Wednesday, March 18, 2009

The Los Angeles Times of Wednesday, March 18, 2009, contained an interesting opinion piece by Timothy Rutten. He starts with an odd assertion:
"President Obama and his administration have made a complete shambles of the AIG bailout..."

Whether Obama & Co. have messed up remains to be seen. What is truly worth reading is Rutten's concluding points about American unionism:
"The last time the right of contract was draped in as much sanctimony was when lawyers representing the robber barons of our first Gilded Age argued that the inviolability of contracts precluded the adoption of child labor laws.Think back for a second to the beginnings of the financial crisis last year. When the auto companies went to the Bush administration asking for help, the first conditions imposed on them were executive pay cuts and renegotiation of their union contracts to bring down labor costs. The United Auto Workers went along because it wanted to save the firms and the jobs of the workers they employ. What we're essentially being asked to believe is that employment contracts involving hardworking men and women on Detroit's assembly lines are somehow less legally binding -- less "sacred" in the current rhetorical argot -- than those protecting a bunch of cowboy securities traders living in Connecticut. When Larry Summers, Obama's chief economic advisor, piously tells us that the administration's hands are tied because we all must abide "by the rule of law," perhaps it's time to ask: What rule and for whom?"
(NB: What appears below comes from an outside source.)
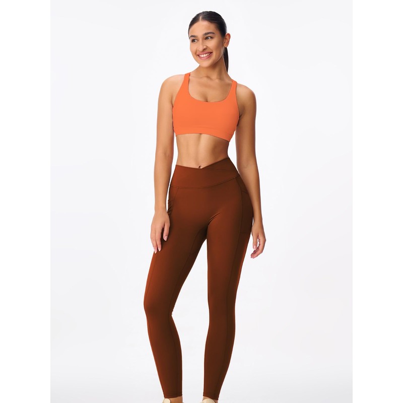 Omwilddo Women's Strappy Sports Bras Light Compression Crop Criss Cross Back Padded Workout Yoga Bra Supportive U Neckline Orange L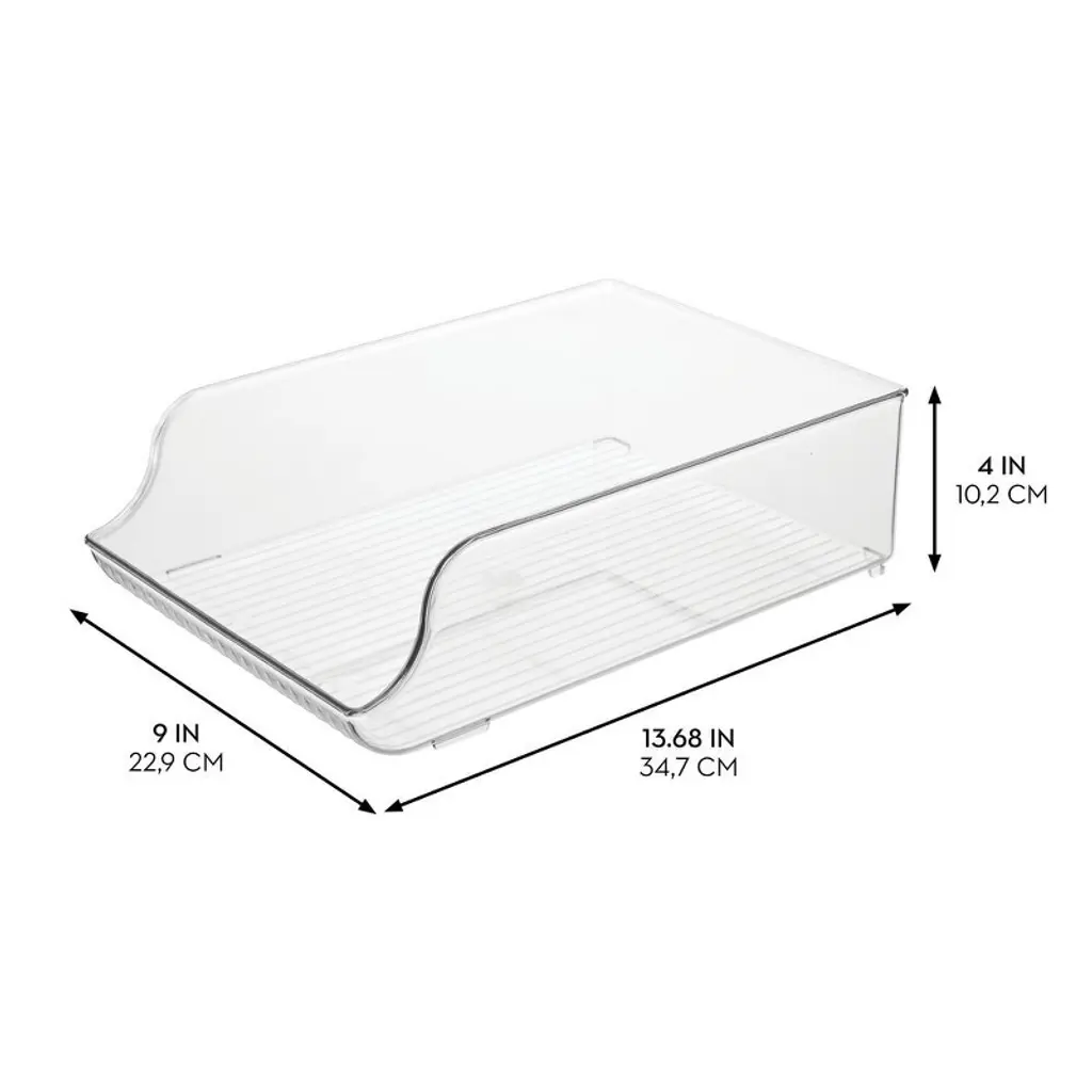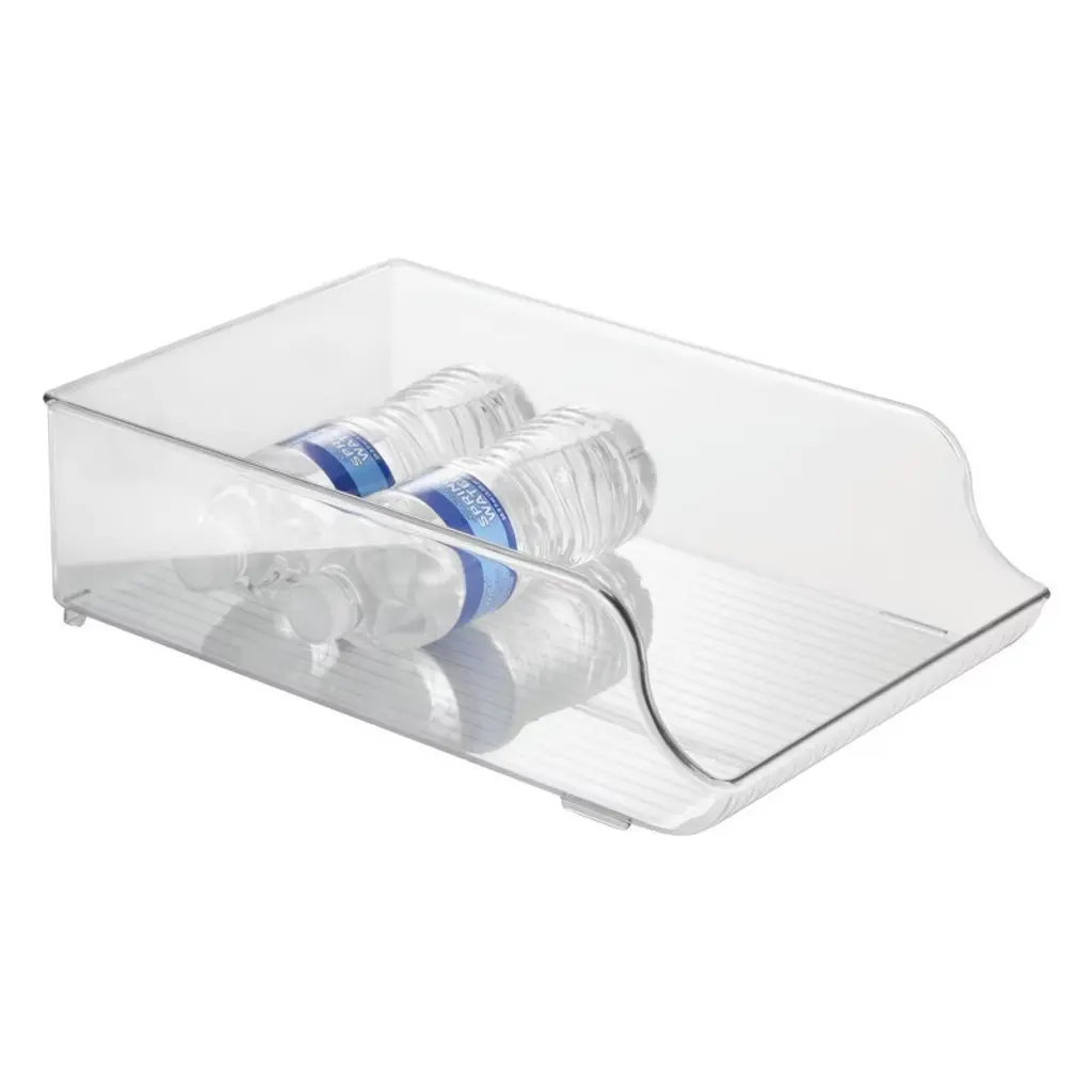 A more orderly fridge starts by designating a spot for beverages and the iDesign Water Bottle Organizer does just that. This counter-depth design holds up to nine standard-sized water bottles, making it easy to find and grab your favorite beverage. The sloped design allows bottles to roll gently to the front for optimal visibility, and the raised front edge and side walls ensure bottles never roll out of place, ensuring long-lasting organization.

Here's the guts of his argument, and it is salient for all workers, everywhere - in Australia, from which this blog is being written, and in the US, Rutten's primary target:
"For years, the smart guys on Wall Street have convinced a growing number of Americans that organized labor is an impediment to economic progress, an unacceptable "cost" in a globalized system of production, a quaint social fossil from the era of mills and smokestacks. If there's a lesson to be gleaned from the current crisis, however, it's that when the chips are down, organized labor is a far more responsible social actor than the snatch-and-run characters who fancy themselves financiers.The implications of this are wider than most of us imagine, and they deserve to be considered. Today, slightly less than 8% of all American workers belong to a union. Half a century ago, when more than one in three American workers were unionized, the middle class was growing -- not simply because organized labor won better wages and benefits for its members but because the presence of a vigorous labor movement pulled everybody else's compensation up as well. As union membership dropped, middle-class incomes -- and average families' share of the nation's wealth -- stagnated and then fell. Families compensated for their reduced opportunity at first by sending both parents into the workplace, then by working more hours and, more recently, by simply going deeper and deeper into debt. At the same time, the incomes and share of the national wealth held by people like the AIG securities traders grew exponentially.The Employee Free Choice Act, currently pending in both houses of Congress, would give unions the tools they need to reorganize a reasonable share of the American workplace. Whatever the howls of opposition from Wall Street's mandarins and their lackeys, the House and Senate ought to pass the bill and Obama ought to sign it as quickly as possible. We may have to swallow the outrage and injustice of AIG's and Goldman Sachs' venality and social irresponsibility for the moment, but we ought to spare our children that bitter taste.